Sorrentino was represented by three competent and experienced lawyers of his own choice. When the trial opened the trial judge asked whether any of the defendants' counsel would object to a court order clearing the courtroom of all people except jurors, witnesses, lawyers and members of the press. Immediately thereafter one of the counsel for defendant Kobli objected and stated that he desired a trial conducted before the public and his request was joined in by his co-counsel. On the other hand each of the three lawyers representing defendant Sorrentino stated to the court that they did not join in the request of defendant Kobli's counsel and that they had no objection to the order which the court proposed to make. The trial judge then announced his order of exclusion.
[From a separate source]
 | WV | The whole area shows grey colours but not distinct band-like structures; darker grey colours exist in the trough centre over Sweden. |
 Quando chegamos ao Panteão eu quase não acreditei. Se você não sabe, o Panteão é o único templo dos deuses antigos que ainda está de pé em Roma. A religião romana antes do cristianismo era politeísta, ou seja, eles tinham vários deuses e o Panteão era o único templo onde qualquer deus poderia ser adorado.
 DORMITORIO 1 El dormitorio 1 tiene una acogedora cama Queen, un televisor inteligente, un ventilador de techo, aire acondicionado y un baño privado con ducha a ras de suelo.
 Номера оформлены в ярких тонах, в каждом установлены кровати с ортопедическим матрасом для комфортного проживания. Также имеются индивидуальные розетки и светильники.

We think that the action of defendant Sorrentino's counsel was clearly a waiver of his right to a public trial to the extent that the court's order infringed upon that right. The defendant Sorrentino now strongly urges, however, that the waiver was by his counsel alone and that since he himself did not join in it the waiver did not validly bind him. We see no merit in this contention. We have already pointed out that this defendant was represented by three experienced lawyers of his own choice. There is no suggestion by him that they did not competently represent him and the record shows that they were assiduous in defending his interests throughout the trial. By virtue of their employment by him the control of the conduct of his defense was confided in them and they were authorized to speak for him in matters such as this which might arise during the course of the trial.[9] Moreover Sorrentino did not at any time indicate to the court that he was not fully satisfied with the action which the trial judge had thus taken with his counsel's consent. It must, therefore, be concluded that he acquiesced in his counsel's judgment that his interests would not be prejudiced and indeed might be served by the reduction which the court *724 ordered in the number of spectators at the trial. We conclude that defendant Sorrentino validly waived his right to a public trial and, therefore, may not now object that it was denied to him.
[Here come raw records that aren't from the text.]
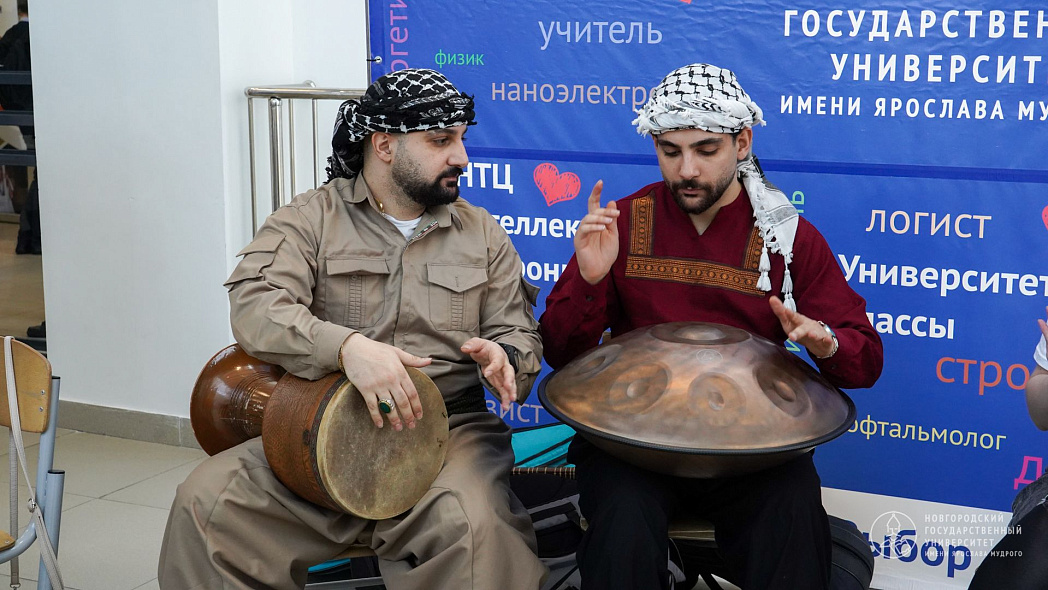 В работе международной площадки приняли участие студенты НовГУ из Китая, Индии, Ирана, Египта. Здесь можно было познакомиться с основами китайского языка и каллиграфии на мастер-классе «Международный китайский», а также послушать этническую музыку, которую иностранные студенты играли на своих национальных инструментах. Кроме того, для всех желающих провели мастер-класс по игре на барабанах.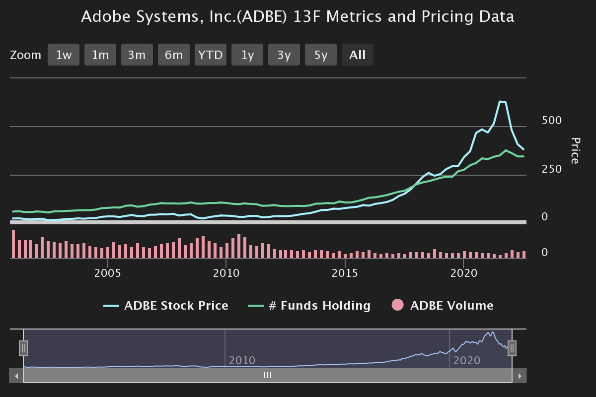 Adobe, Inc. (ADBE) continues to shadow the S&P 500 as it navigates a volatile market. The first nine months of 2022 have been challenging for many companies and investors. Adobe underperformed the S&P, seeing negative growth of approximately 51% as of September 29, 2022, while the S&P declined about 15% over the past year. Hedge funds were selling the stock in the second quarter, though the stock rose on the WhaleWisdom Heatmap to a rank of six from eighteen.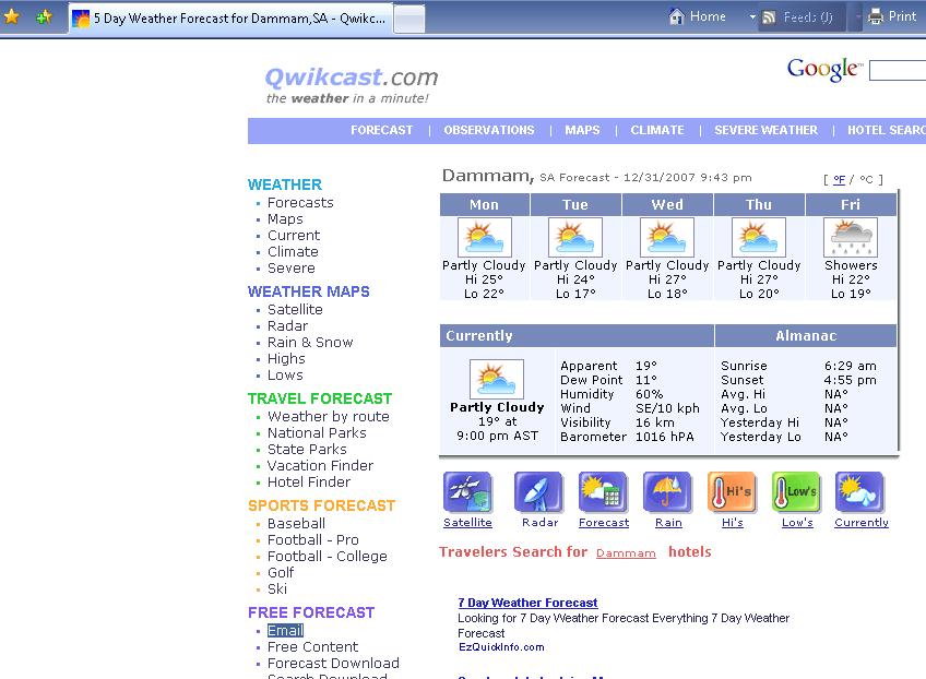 نعم موقع ياهو لاحوال الطقس من المواقع المميزه..وكذلك هذا الموقع الذي يرسل لك على بريدك التوقعات لخمسة ايام لمدينتك مرتين ات رغبت صباحآ ومساء
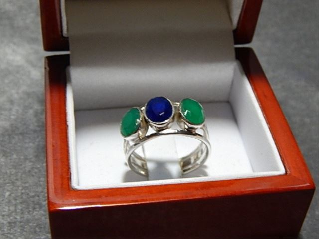 RING - NEW STERLING SILVER BLUE SAPPHIRE AND EMERALD RING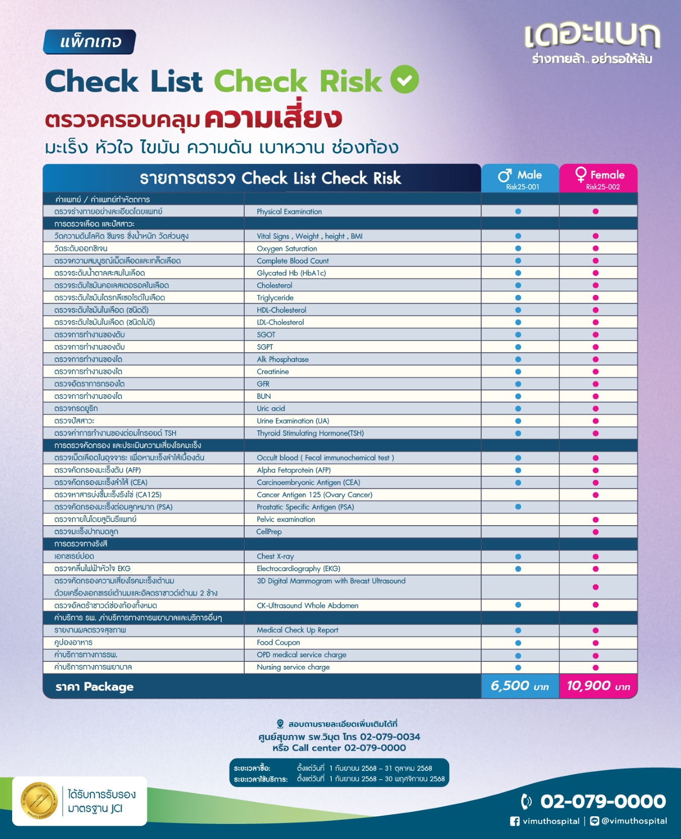 - สอบถามรายละเอียดเพิ่มเติมได้ที่ ศูนย์สุขภาพ รพ.วิมุต โทร 02-079-0034 หรือ Call center 02-079-0000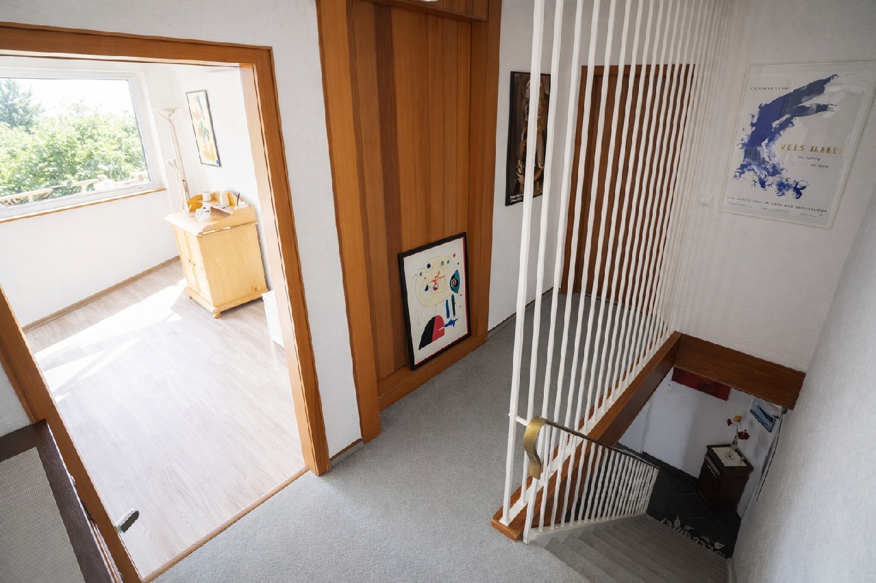 Entlang der Diele befinden sich außerdem zwei weitere geräumige Zimmer, die sich hervorragend als Schlafzimmer, Kinderzimmer oder Gästezimmer nutzen lassen. Über die Treppe gelangen Sie in das Obergeschoss. Hier empfängt Sie eine weitere Diele, von der aus ein Gäste-WC mit kleiner Abstellkammer sowie der Zugang zum Spitzboden erreichbar sind.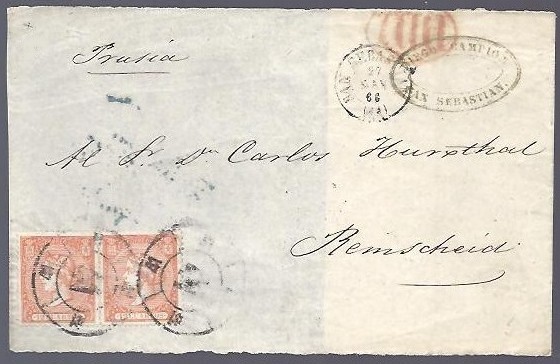 La primera (envuelta con texto) es con la rueda modificada de Bilbao y destino Viena en Austria y la otra (solo frontal) de San Sebastián con destino Remscheid en lo que era Prusia y hoy Alemania. Ambas van franqueadas con dos sellos de 12 cuartos para un total de 24 y que era la tarifa para un porteo simple correcto según los Convenios firmados con esos países.

Sorrentino also urges that the evidence was insufficient to warrant his conviction, that certain declarations of alleged co-conspirators were improperly admitted against him, and that the trial judge made certain errors in his charge to the jury with respect to these declarations and other matters. We have carefully considered these contentions but find them so wholly lacking in merit as to require no detailed discussion.

The judgment of the district court will be affirmed.

NOTES

[1] Patton v. United States, 1930, 281 U. S. 276, 298, 50 S.Ct. 253, 74 L.Ed. 854, 70 A.L.R. 263.

[2] Patton v. United States, 1930, 281 U. S. 276, 50 S.Ct. 253, 74 L.Ed. 854, 70 A.L.R. 263; Adams v. United States ex rel. McCann, 1942, 317 U.S. 269, 63 S.Ct. 236, 87 L.Ed. 268, 143 A.L.R. 435.

[3] Worthington v. United States, 7 Cir., 1924, 1 F.2d 154, certiorari denied 266 U.S. 626, 45 S.Ct. 125, 69 L.Ed. 475.

[4] United States v. Jones, 2 Cir., 1947, 162 F.2d 72, 73.

[5] Grove v. United States, 4 Cir., 1925, 3 F.2d 965, certiorari denied 268 U.S. 691, 45 S.Ct. 511, 69 L.Ed. 1159.

[6] Adams v. United States ex rel. McCann, 1942, 317 U.S. 269, 63 S.Ct. 236, 87 L.Ed. 268, 143 A.L.R. 435.

[7] Justice Sutherland in Patton v. United States, 1930, 281 U.S. 276, 298, 50 S.Ct. 253, 258, 74 L.Ed. 854, 70 A.L.R. 263.

[8] Dutton v. State, 1914, 123 Md. 373, 387-388, 91 A. 417, 422-423, Ann.Cas. 1916C, 89; People v. Stanley, 1917, 33 Cal.App. 624, 627, 166 P. 596, 598; Keddington v. State, 1918, 19 Ariz. 457, 172 P. 273, L.R.A.1918D, 1093.

[9] Eury v. Huff, 4 Cir., 1944, 141 F.2d 554. And see United States v. Moe Liss, 2 Cir., 1939, 105 F.2d 144; United States v. Colonna, 3 Cir., 1944, 142 F.2d 210.